Problem details. Each line below is to be repeated exactly; any picture is to be left out.
═════ Available data
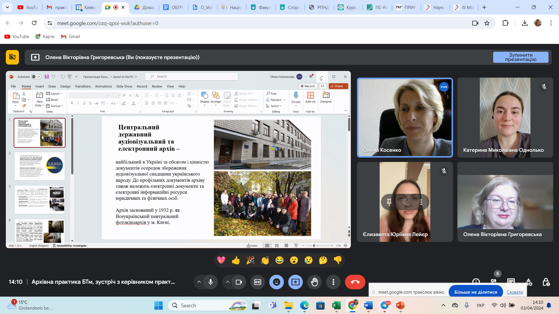 У межах виконання завдань першого етапу виробничої практики 3 квітня 2024 р. відбулася ознайомча онлайн-лекція заступника директора ЦДАЕА Косенко О.В. "Формування Національного архівного фонду аудіовізуальними документами та електронними інформаційними ресурсами".
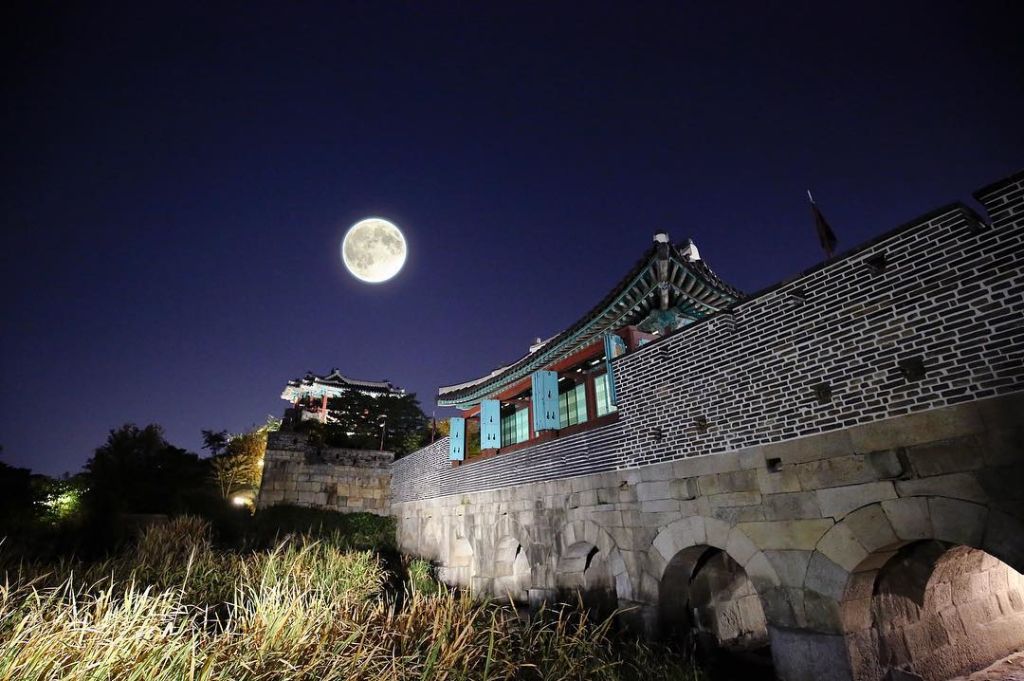 - 수원 화성시간 여행을 떠난 듯한 느낌을 선물하는 명소. 전통적인 건축물 위로 뜬 보름달을 볼 수 있다. 남서쪽에 우뚝 솟은 서장대가 달맞이 포인트며 수원의 야경은 덤이다.
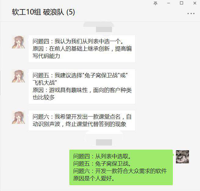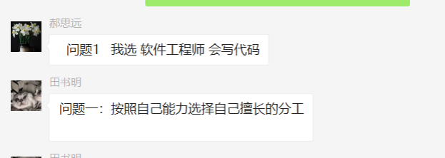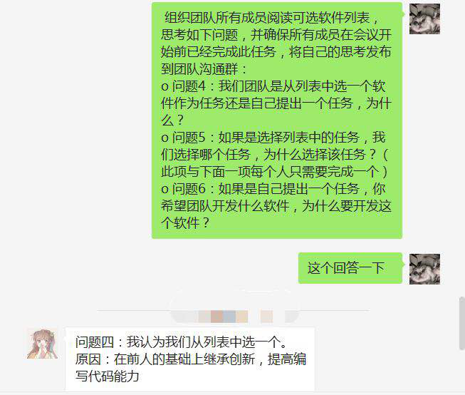 3.团队成员认真完成并思考了发布到团队沟通群的对问题(附成员对1,2,3的思考的截图)
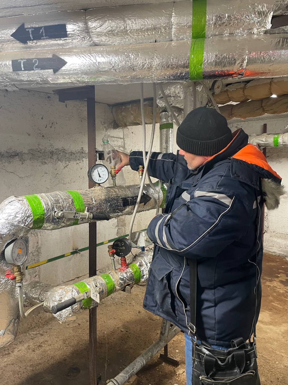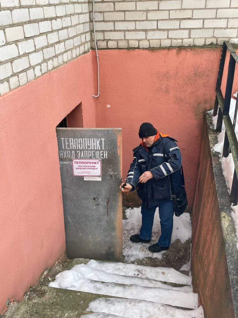 Далее отправляемся в тепловой узел дома №13а на пр. Ленина. Взять пробу горячей воды нам помогает начальник ЖЭУ-2 Максим Ступаков. Он открывает кран, и вода бьет фонтаном. Она чистая.
══════════
Answer section.
 У межах виконання завдань першого етапу виробничої практики 3 квітня 2024 р. відбулася ознайомча онлайн-лекція заступника директора ЦДАЕА Косенко О.В. "Формування Національного архівного фонду аудіовізуальними документами та електронними інформаційними ресурсами".
 - 수원 화성시간 여행을 떠난 듯한 느낌을 선물하는 명소. 전통적인 건축물 위로 뜬 보름달을 볼 수 있다. 남서쪽에 우뚝 솟은 서장대가 달맞이 포인트며 수원의 야경은 덤이다.
 3.团队成员认真完成并思考了发布到团队沟通群的对问题(附成员对1,2,3的思考的截图)
 Далее отправляемся в тепловой узел дома №13а на пр. Ленина. Взять пробу горячей воды нам помогает начальник ЖЭУ-2 Максим Ступаков. Он открывает кран, и вода бьет фонтаном. Она чистая.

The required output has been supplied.